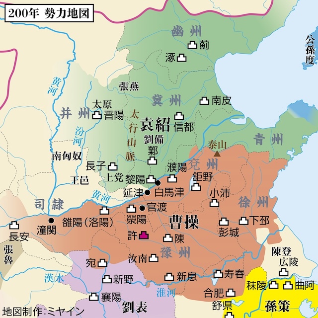 西暦200年、官渡決戦の舞台を中心とした勢力図。作成:ミヤイン 参考『中国歴史地図集 第二冊 秦・西漢・東漢時期』他
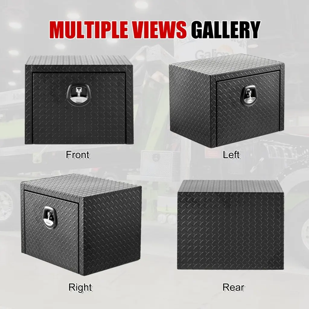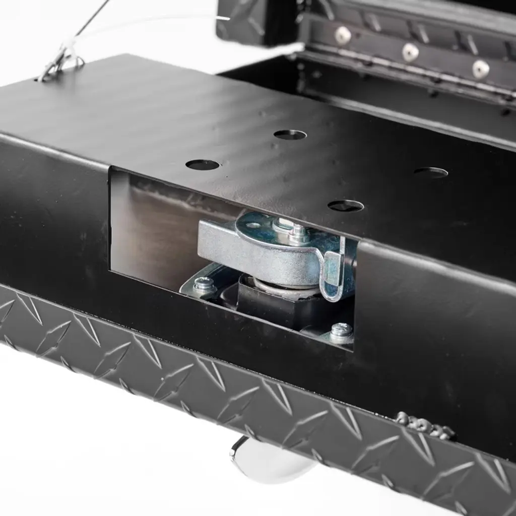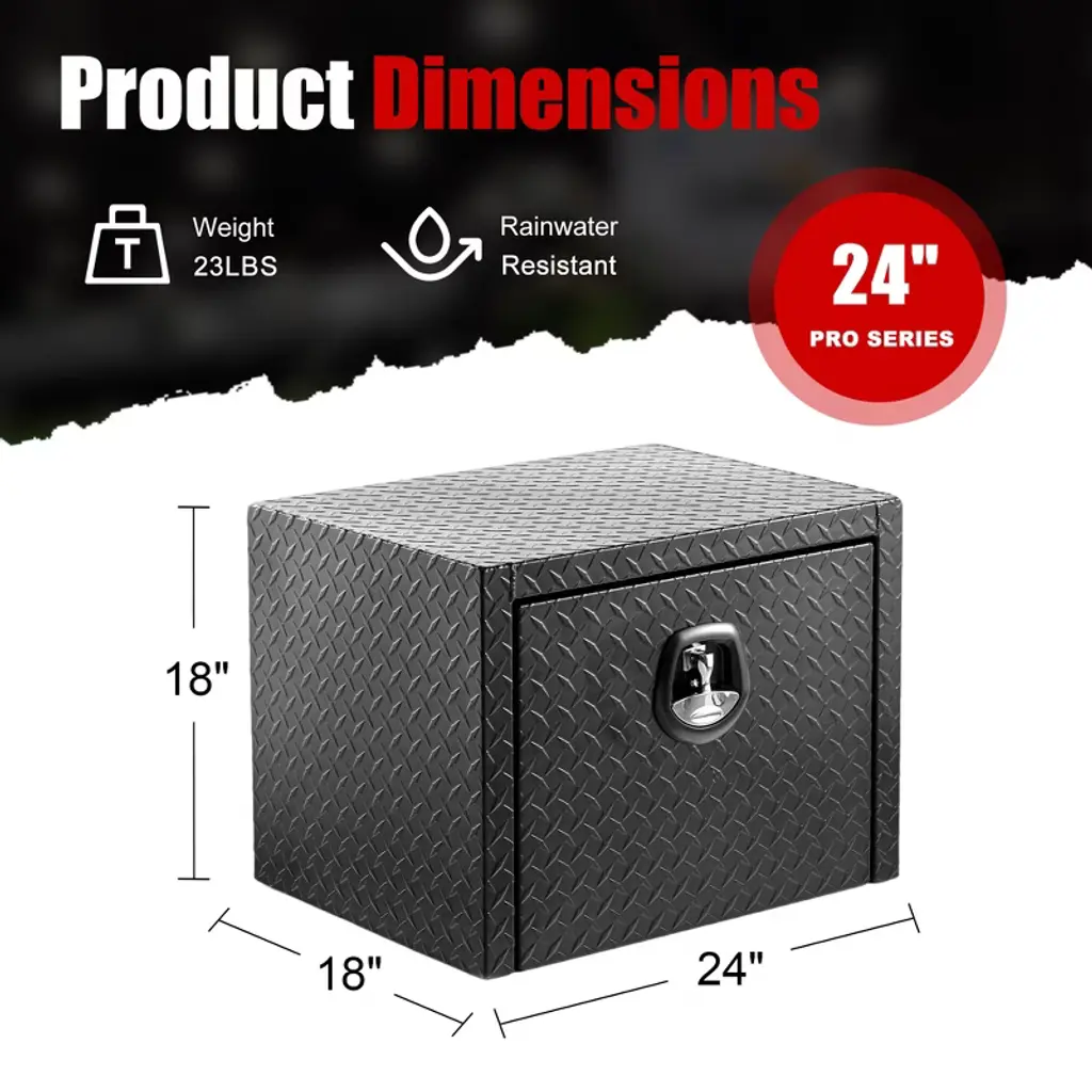 This Pro Series underbody truck tool box combines strength and style, made from 0.1" diamond thread aluminum with a scratch-resistant matte black finish. Available in 24"-48" lengths, it fits perfectly under flatbeds, dump trucks, and trailers. The 90-degree opening door with stainless hidden hinges ensures easy access, while the die-cast latch allows one-handed use and the whale tail lock adds security. With a drip rail and sealing ring for waterproofing, it keeps tools dry and organized--perfect for professionals and DIY enthusiasts upgrading their work vehicles.
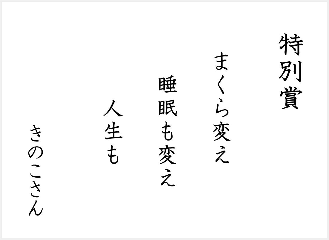 審査員コメント:まくらが変われば睡眠が変わる。睡眠が変われば人生も変わる。つまりまくら次第で人生が変わっていくということを表現した作品となっています。シンプルな川柳ではありますが、まくらの価値と大切さを伝えてくれる作品です。
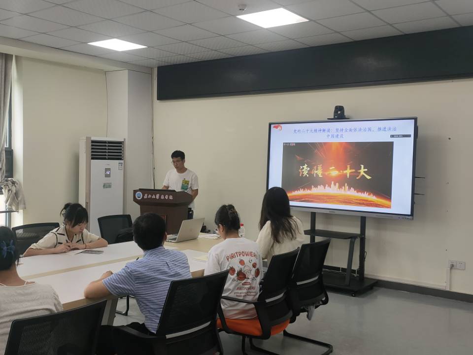 会议伊始,组织委员习小杰同志带领全体党员重温入党誓词。随后,姜月兴同志对本月党费缴纳情况进行了说明。紧接着,集体诵读学习《中国共产党章程》第六章“党的干部”相关内容。在讲授微党课《中国共产党章程(修正案)》时,许婉莹同志讲到:党章是党的根本大法,是全党必须遵循的总规矩;党章作为党的根本大法,基本内容要保持其连续性和稳定性;党章的修改是充分体现马克思主义中国化时代化最新成果的需要,是充分体现十九大以来党中央提出的治国理政新理念新思想新战略和管党治党新经验的需要,是贯彻落实党的二十大精神的需要。
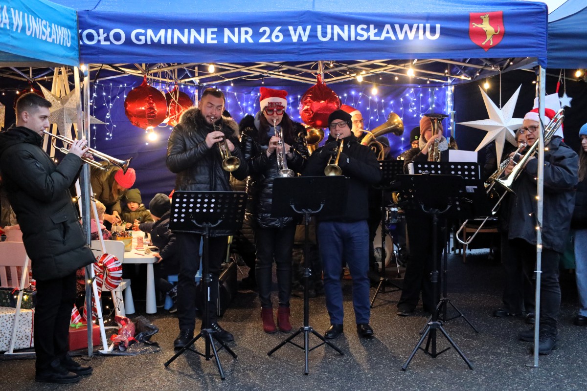 Z kolei pod choinką o godzinie 16:00 na fotelu zasiadł Święty Mikołaj, który wcześniej w asyście druhów z OSP Unisław uczestniczył w przejeździe ulicami Unisławia, pozdrawiając wszystkich mieszkańców. Po przybyciu specjalnego gościa rozbłysnęło świąteczne drzewko, zapalono także iluminacje świetlne. Nie zabrakło wspólnych zdjęć, występów tanecznych grupy KIDS i DANCE, orkiestry dętej z GOK-u, fotobudki, mini wesołego miasteczka i kreatywnego kącika dla najmłodszych, w którym można było stworzyć ozdoby świąteczne i napisać list do św. Mikołaja. To było wyjątkowe popołudnie.
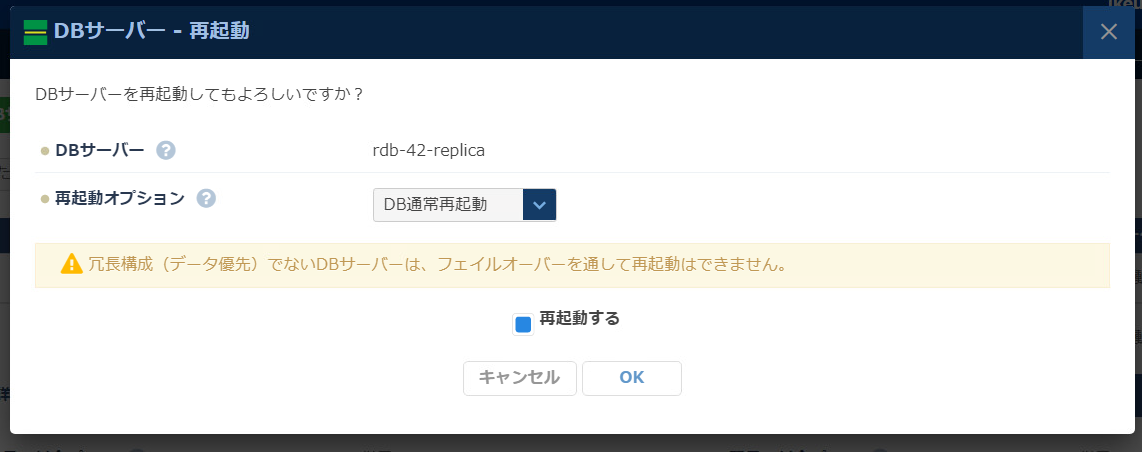 - 3\. リードレプリカ1台について、コントロールパネルより再起動を実施

What to work on:
All lines from the one holding "Z kolei pod" through the last line of the records need to be copied exactly, both ends included, and the pictures left behind.

Response to the exercise:
 Z kolei pod choinką o godzinie 16:00 na fotelu zasiadł Święty Mikołaj, który wcześniej w asyście druhów z OSP Unisław uczestniczył w przejeździe ulicami Unisławia, pozdrawiając wszystkich mieszkańców. Po przybyciu specjalnego gościa rozbłysnęło świąteczne drzewko, zapalono także iluminacje świetlne. Nie zabrakło wspólnych zdjęć, występów tanecznych grupy KIDS i DANCE, orkiestry dętej z GOK-u, fotobudki, mini wesołego miasteczka i kreatywnego kącika dla najmłodszych, w którym można było stworzyć ozdoby świąteczne i napisać list do św. Mikołaja. To było wyjątkowe popołudnie.
 - 3\. リードレプリカ1台について、コントロールパネルより再起動を実施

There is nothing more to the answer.